Gözlerimi ondan çekip önümdeki felsefe kitabımın kapağını açtım. Rastgele bir sayfada durdum. ''İzin alacağını kim söyledi?''

Yan gözle Jessie'ye baksam da hiçbir şey söylemedim. Ben ve evden kaçmak mı? Ha! Bunu asla yapmazdım. Zaten babamlar beni hemen yakalardı.

Onu duymazlıktan gelmeye çalışarak felsefe kitabıma yoğunlaşmaya başladım.

Bir süre sonra Jessie'nin sesi kesilince başımı hafif kaldırarak çevreme bakındım. Bayan Malton sınıfa girmişti.

Asıl ismi Martha Malton'du. Benim felsefe öğretmenimdi. Kırklı yaşlarında gösterse de yüzü vücudu biz genç kızlara inat oldukça kıvrımlı ve güzeldi. Sınıftaki ergen erkeklerin ağızlarındaki sularla onu izlediklerinin farkındaydı bence. Ama o bunu önemsemeden kürsüye oturdu.

''Size söylediğim Friedrich Nietzsche'nin Böyle Buyurdu Zerdüşt isimli kitabınızı okuduğunuzu umarak bugün ondan sizleri sınav yapacağım.''

Gözlerimi devirdim. Böyle bir şey bekliyordum tabi ki. Kitabı okumuş muydum?

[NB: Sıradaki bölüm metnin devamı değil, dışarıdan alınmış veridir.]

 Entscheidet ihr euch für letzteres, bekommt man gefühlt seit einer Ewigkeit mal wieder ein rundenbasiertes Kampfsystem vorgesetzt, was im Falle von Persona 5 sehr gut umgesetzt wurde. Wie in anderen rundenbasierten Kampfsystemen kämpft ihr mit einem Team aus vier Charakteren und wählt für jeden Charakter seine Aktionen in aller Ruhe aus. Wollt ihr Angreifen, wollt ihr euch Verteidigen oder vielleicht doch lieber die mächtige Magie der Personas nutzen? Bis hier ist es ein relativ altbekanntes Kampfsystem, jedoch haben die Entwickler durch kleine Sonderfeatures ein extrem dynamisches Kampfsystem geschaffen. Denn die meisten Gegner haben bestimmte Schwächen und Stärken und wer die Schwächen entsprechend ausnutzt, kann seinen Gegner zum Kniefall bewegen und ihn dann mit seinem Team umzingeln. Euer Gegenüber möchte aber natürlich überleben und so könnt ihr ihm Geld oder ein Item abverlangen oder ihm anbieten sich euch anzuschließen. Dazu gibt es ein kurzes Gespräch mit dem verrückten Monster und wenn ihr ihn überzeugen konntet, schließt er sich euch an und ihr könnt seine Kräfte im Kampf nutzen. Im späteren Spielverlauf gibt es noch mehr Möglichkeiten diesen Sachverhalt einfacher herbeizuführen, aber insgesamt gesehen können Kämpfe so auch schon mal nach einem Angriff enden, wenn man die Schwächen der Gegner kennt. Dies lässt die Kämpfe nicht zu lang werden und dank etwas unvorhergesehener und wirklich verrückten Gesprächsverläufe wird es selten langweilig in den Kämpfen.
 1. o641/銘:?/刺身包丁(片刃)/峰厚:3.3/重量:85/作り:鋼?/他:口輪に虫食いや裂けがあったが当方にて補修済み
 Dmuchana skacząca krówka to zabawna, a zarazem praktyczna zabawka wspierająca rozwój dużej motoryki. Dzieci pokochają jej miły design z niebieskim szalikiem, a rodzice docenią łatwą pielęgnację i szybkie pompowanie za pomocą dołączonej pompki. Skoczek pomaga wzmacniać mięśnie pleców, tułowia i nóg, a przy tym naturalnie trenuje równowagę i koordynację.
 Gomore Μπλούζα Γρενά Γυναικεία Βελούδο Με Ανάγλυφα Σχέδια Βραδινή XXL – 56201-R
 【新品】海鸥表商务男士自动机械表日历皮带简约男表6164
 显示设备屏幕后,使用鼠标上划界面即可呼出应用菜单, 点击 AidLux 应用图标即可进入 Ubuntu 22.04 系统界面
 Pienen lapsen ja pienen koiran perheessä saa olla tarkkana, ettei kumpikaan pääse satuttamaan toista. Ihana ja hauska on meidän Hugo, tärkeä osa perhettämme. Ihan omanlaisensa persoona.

Tabi ki hayır! İlk sayfasını okumuştum. Bir adam dağda on yıl geçiriyordu. On yıl! Çok saçma. Neden on yılını bir dağda geçiresin ki? Zaten yazarın hayatı da içler açısı değilmiş. İntihar etmiş adam ya!

Önüme koyulan kağıtla düşüncelerim uçup gitti. Jessie ve birkaç kişinin sitem dolu sesleri kulağıma gelse de Bayan Malton'un bu sınavdan vazgeçmeyeceğii anlayıncalar hepsi sustu.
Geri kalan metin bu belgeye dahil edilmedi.